Seeger himself plays banjo on the song, which was written in 1931 by Florence Reece, a wife of a coal miner and union organizer.

This song needed some updating. “I wrote a lot of new words … for the verses to have it reflect the political [situation] now,” DiFranco says. “As I worked on this album, over the last few years, that sort of rose to be the title track just because, I guess, it’s an urgent question that I’m asking the world around me. We’re faced with a lot of crises, and it’s not getting any simpler. So we’ve got to really take action. So it’s sort of a cry for action. It’s this big rabblerousing show closer on a lot of nights.”

The fate of unions and workers’ rights, though, is hardly the only topic DiFranco tackles on the new CD.

“I think there’s a lot of ideas floating through the new record about changing course, you know, away [for instance] from unsustainable fossil fuel technology and into sustainable holistic technologies of the future,” she says.

Another major topic gets explored on the song “Amendment.”

“[It’s] about the Equal Rights Amendment and trying to revive that, because I think the civil rights of women is an important building block toward future democracy,” DiFranco says. “I, myself, strive for a sophisticated understanding of feminism that is just bigger than the rudimentary equal work for equal pay or safety for women on the streets or in the home. It’s about a shift in consciousness that brings the feminine sensibility into balance with the masculine. And then through that, a very fundamental, hard-to-achieve sort of shift, we get more of a balance in the way we approach the environment, the way we approach foreign policy and other nations and the way we approach each other in our domestic policies.
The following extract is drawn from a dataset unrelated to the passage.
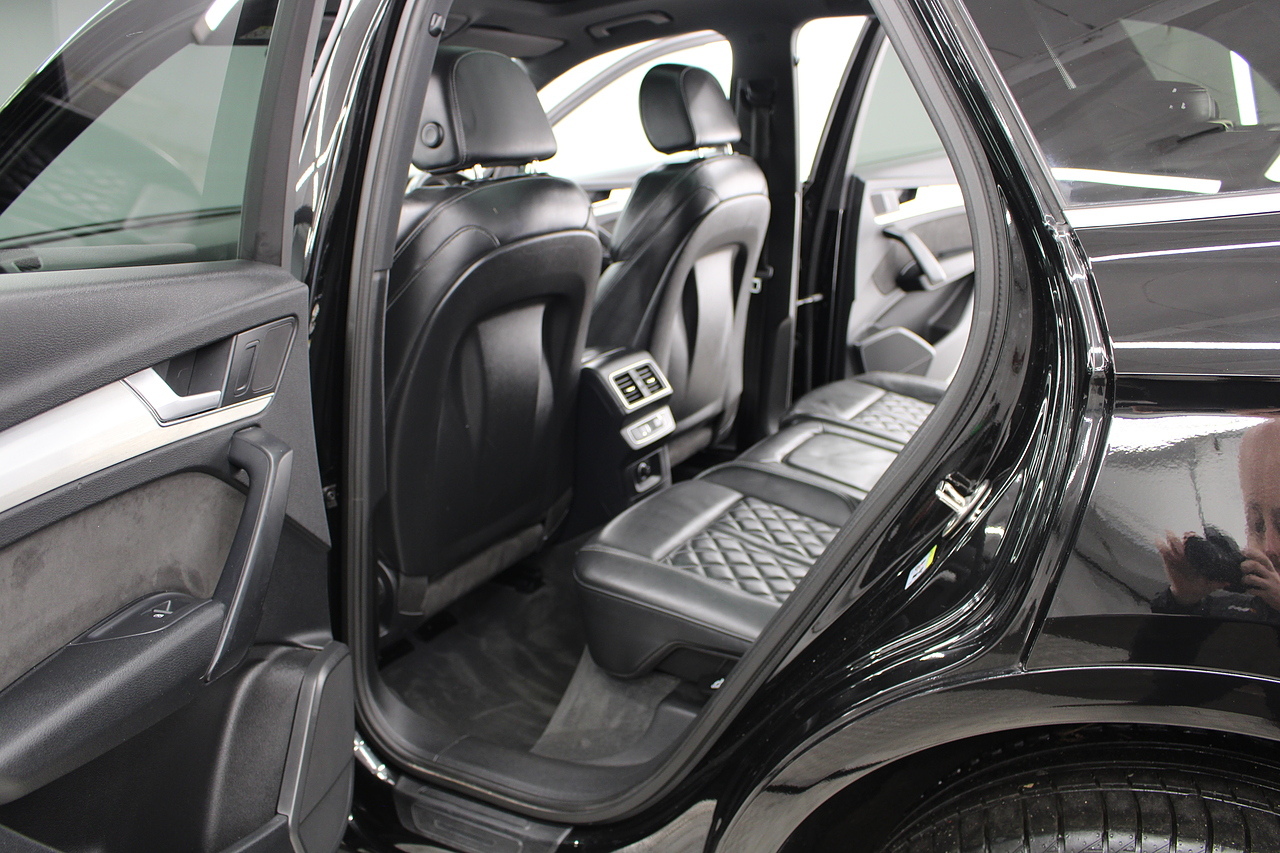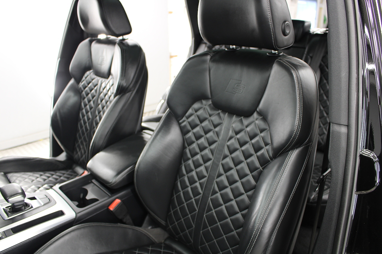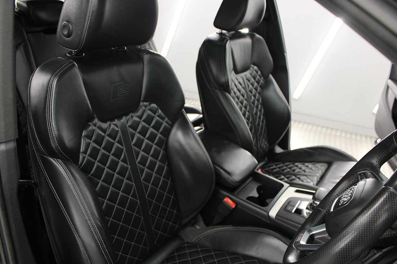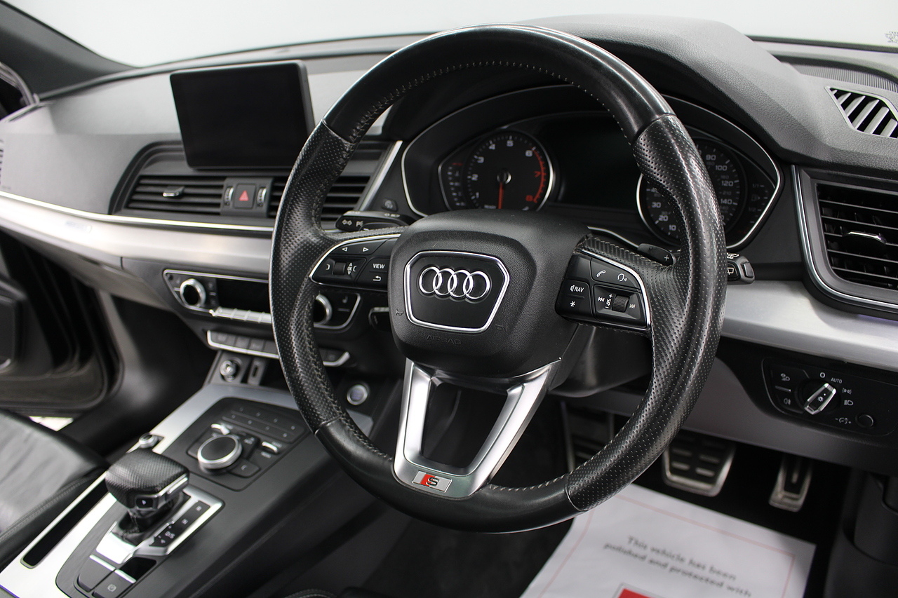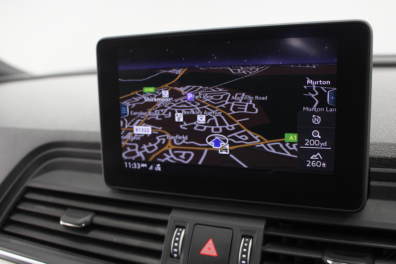 This Q5 does comes trimmed in black quilted leather with heated front seats, dual zone climate control, cruise control, premium sound system, DAB radio and satellite navigation, Bluetooth connectivity, steering wheel mounted controls, headlight and rain sensors, rear and forward parking aid, power operated tailgate, 12v power adapter and ISOFIX anchorage points.

“I think that’s something that women have a special window into, and if we can bring that into our political and social imagination, I think that we can shift things,” she says. “I really feel like a feminist direction is going to be really important in this new century because that is inescapably the world we live in. It’s smaller and smaller, and the inter-connectedness is more and more profound in that way.”

DiFranco stresses, though, that not everything on Which Side Are You On? is weighty and political. On her previous CD, 2008’s Red Letter Year, she had a few songs that chronicled the joys of motherhood and marriage, and some of that happier life also filters into the new CD.

“It’s pretty wide scope on this record, I guess, from the very macro to the very micro,” DiFranco says. “Yeah, that trend is carrying through from Red Letter Year as well. I mean, for me it provides a nice balance.”

DiFranco has been playing a number of the new songs in her live show, and also a selection from across her entire catalog, which now includes 17 studio CDs, all released on her own label, Righteous Babe Records.

And that happier, more settled attitude she’s been taking in not being so self-critical of her shows, as well as the stability in her personal life, is having a positive effect on her frame of mind in general.

“I think I’m in such a good place now that my health has improved,” she says. “I’ve noticed my immune system functions, and all of these nagging problems that I was dealing with in my body, a lot of them have really solved themselves. There’s nothing like inner peace for medicine.”